Scottish success at Golden Globes with Baby Reindeer wins

THE 2025 Golden Globes saw Scottish comedian Richard Gadd succeed amid a mixed night for British actors and film-makers, who walked away with only a handful of gongs across film and TV categories.

Baby Reindeer creator Gadd took home best limited TV or anthology series or TV movie, while his Yorkshire co-star Jessica Gunning secured her first win for the best female supporting actress in the television category for the dark comedy series at the event in California on Sunday night.

Gadd missed out on winning best performance by a male actor in a limited or anthology series or TV film, after Irish actor Colin Farrell took home his third Golden Globe, for playing the Batman villain Penguin in an HBO series of the same name.

Last year saw British film-maker Sir Christopher Nolan triumph with Oppenheimer, and win best director for the first time, for his drama about the work of the father of the atomic bomb, which took home a total of five Golden Globes.

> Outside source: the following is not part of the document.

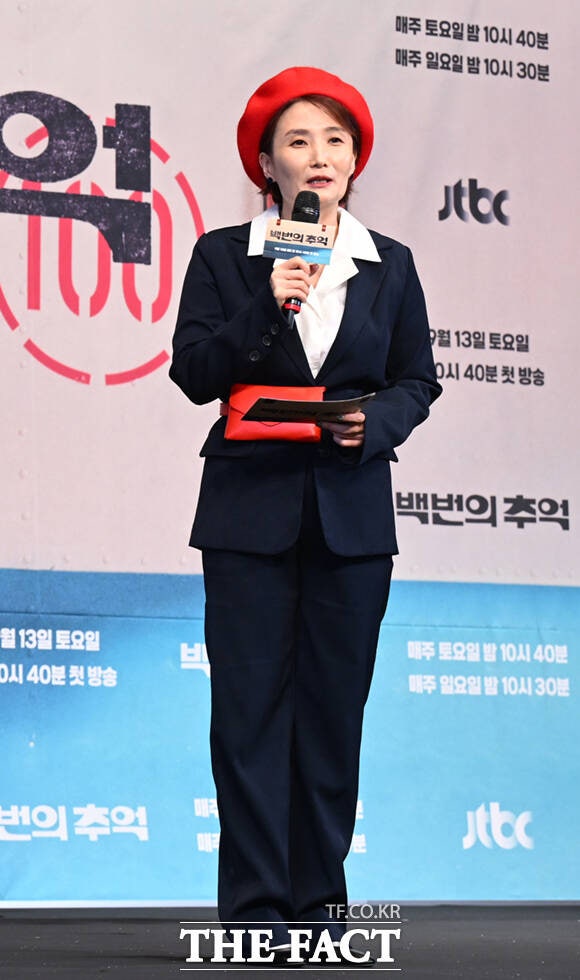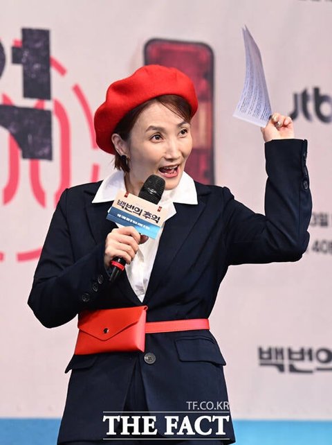 송인 박경림이 11일 서울 구로구 더 링크 서울 호텔에서 열린 JTBC 새 토일드라마 '백번의 추억' 제작발표회에서 극 중 주인공의 직업인 버스 안내양 차림으로 진행을 하고 있다. /이새롬 기자

This time at the 82nd Golden Globes on Sunday, British screenwriter Peter Straughan picked up the best screenplay gong for Conclave, about scheming cardinals holding a vote for the next pope, starring British actor Ralph Fiennes.

Fiennes was beaten in the best actor – drama category by American actor Adrien Brody for The Brutalist, which focused on a Hungarian architect attempting to build a life in the US after the Second World War.

Similarly, British stars Kate Winslet, Cynthia Erivo, Tilda Swinton, Daniel Craig, Hugh Grant, Gary Oldman, Eddie Redmayne and Scottish actors Ewan McGregor and Jack Lowden did not succeed in getting past their nominations.

However, despite the bad showing in acting categories, UK production companies Brookstreet and Intake Films were involved in The Brutalist, which took home three gongs, including for best director.

Winslet was twice nominated for best performance by a female actress in a limited series or TV movie for playing a dictator in The Regime, and in the lead actress motion picture drama category for her turn as model turned war correspondent Elizabeth Miller in Lee.

She was beaten by Jodie Foster for crime series True Detective: Night Country, an anthology series that focused on men going missing in Alaska in its latest season, in the TV category, while Brazilian actress Fernanda Torres triumphed in the film section for I’m Still Here, set at the time of military dictatorship in Brazil.

Swinton (above) had been nominated in the same film best actress category for The Room Next Door, which deals with themes of assisted dying and friendship.

Wicked star Erivo was beaten by Demi Moore for body horror The Substance, which tells the story of a famous woman who takes a mysterious drug to become young again after being fired from her TV show, while A Gentleman in Moscow star McGregor was beaten in the same category as Gadd by Farrell.

For the best actor in a TV drama category, Redmayne’s star turn as an assassin in Sky Atlantic series The Day Of The Jackal, and Oldman’s continued role as a rude, unpleasant spy in the fourth season of MI5 thriller Slow Horses lost out to the critically praised Shogun star Hiroyuki Sanada.

Elsewhere, BBC Christmas movie Wallace & Gromit: Vengeance Most Fowl, which saw the return of evil penguin Feathers McGraw take his revenge on the inventor Wallace and his faithful dog Gromit, lost in the animated film category to cat movie Flow, a Latvian film that has no dialogue.